AFRICA

Hope for continent’s research and development future
Africa has the potential to make up for its current backwardness in research and development by adopting a ‘continental vision’, which would enable it to participate in international projects, said leading African physicist Cheikh Mbacké Diop at a conference.In spite of the sector’s low spending, sparse workforce and inequalities compared with other countries, he claimed the continent’s strengths included quality organisations, an increasing number of high-level scientists and political awareness of the importance of research.
Diop, who currently works at the nuclear physics laboratory in Gif-sur-Yvette in France, was speaking on the place of Africa in global research and development at a conference in honour of his late father, Egyptologist Cheikh Anta Diop, at the University Gaston Berger in Saint-Louis, Senegal, reported Sud Quotidien of Dakar.
Mbacké Diop quoted his father – after whom Senegal’s leading University Cheikh Anta Diop in Dakar is named – who had said: “Africa must choose a scientific and intellectual policy. Africa can again become a centre of scientific initiatives and decisions, instead of believing that it is condemned to remain the appendix, the centre of economic expansion for developed countries.”

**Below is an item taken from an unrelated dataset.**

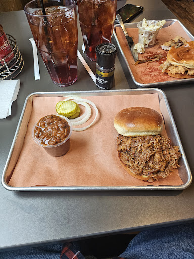 Read moreYou walk into the restaurant, and you go to the counter to order. I ordered a pork butt sandwich with baked beans, and my wife ordered a tenderloin with potato salad. We both ordered drinks, went to the table, and waited. The food came fairly quickly. The young man at the counter was very helpful, and answered questions, seemed to be a nice fella. My pork butt sandwich, or pulled pork, was already tossed in barbecue sauce, but they do have barbecue sauce on the table, so I added a little bit to it. Unfortunately, the bun did not hold up. It got soggy, and I had to finish eating the sandwich with a fork, which is okay because it was very good. It had onion and pickle, and the baked beans were just extraordinarily good. I've been in barbecue places, and the baked beans were nothing more than beans out of a can. These are very good, I enjoyed them. My wife's tenderloin was extraordinary. It was sliced on the premises, tenderized, breaded, and deep fried. It came with fried onions, bacon, with some type of sauce. She said it was the best tenderloin she's ever eaten. The place was clean. It has been there a little while, but still was clean with a good atmosphere. Yeah, go check it out. If this review has been helpful, give me a heart...

He demonstrated that the amounts spent on research globally revealed that Africa devoted very little money to research and development.
With a ratio of one researcher per 10,000 inhabitants, African scientific production was estimated at barely 1% of world output, hardly surprising if the average rate of gross domestic product (GDP) allocated by African states to research was only 0.3%, compared to 2%-3% in rich countries, and with a target of 5% in China.

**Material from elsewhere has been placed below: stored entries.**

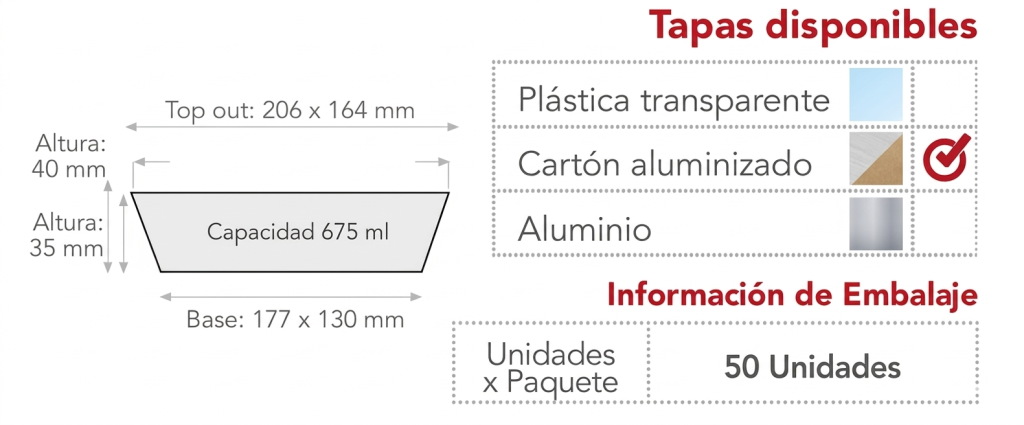 Disponible con tapa de cartón aluminizado, lo que ayuda a mantener la temperatura y es grado alimenticio. Es un recipiente desechable de un solo uso, microhorneable y de fácil manejo.
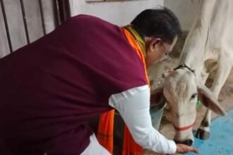 मुख्यमंत्री साय ने सीएम हाउस में गौमाता को रोटी और गुड़ खिलाकर की प्रदेशवासियों के कल्याण की प्रार्थना
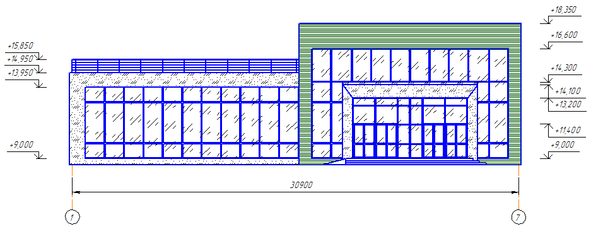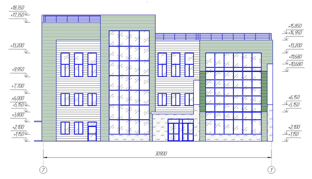 Должен быть разработан и представлен один наиболее выразительный (главный) фасад здания, отражающий назначение здания, его тектонику и объёмно-планировочное решение.

If South Africa devoted 2% of its GDP to research, that would scarcely equal Japan’s R&D spending 30 years ago, said Diop. It was necessary to compare that with the plan put forward by NEPAD, the New Partnership for Africa’s Development, of US$258 million over five years.
Other figures presented by Diop illustrated the "abysmal depth of inequalities", reported La Presse.
As an example he cited, the University of California – Berkeley, whose budget totalled US$2.2 billion for about 25,000 students and 2,500 researchers, or the University Pierre-et-Marie-Curie in France with 30,000 students and 5,500 teaching and research staff, which had US$500 million. UCAD’s meagre annual budget of US$39 million confirmed the gap that existed between universities.
Other weak points in Africa included lack of planning and a clear scientific strategy, energy instability and chronic under-industrialisation across much of the continent. But the principal bottlenecks were due to the too weak link between the industrial and research worlds, and the lack of durability of projects, know-how and knowledge, said Diop.
Examples from other countries’ state funding of R&D showed that when industry was strong enough to become part of the R&D infrastructure its contribution increased considerably. In emerging countries the same message came through, said Diop: in reality the state supported the financing of research.
Diop also pointed out that the sums allocated to big research institutions in the United States and in France were comparable to the entire state budget of Senegal. On the other hand, Africa was virtually absent from major international research projects whose budgets were valued at billions of dollars.
Diop believed Africa could participate if it had a continental vision for its contribution.
In spite of its backwardness, Africa had great potential to catch up, said Diop. Strong points were its quality organisations; an increasing number of high level scientists and technicians; political awareness of the importance of research; research and training programmes focused on vital regional needs; partnerships in international networks; a large and dynamic young population; the continent’s natural wealth; and backup that could come from the African diaspora.
* This article is drawn from local media. University World News cannot vouch for the accuracy of the original report.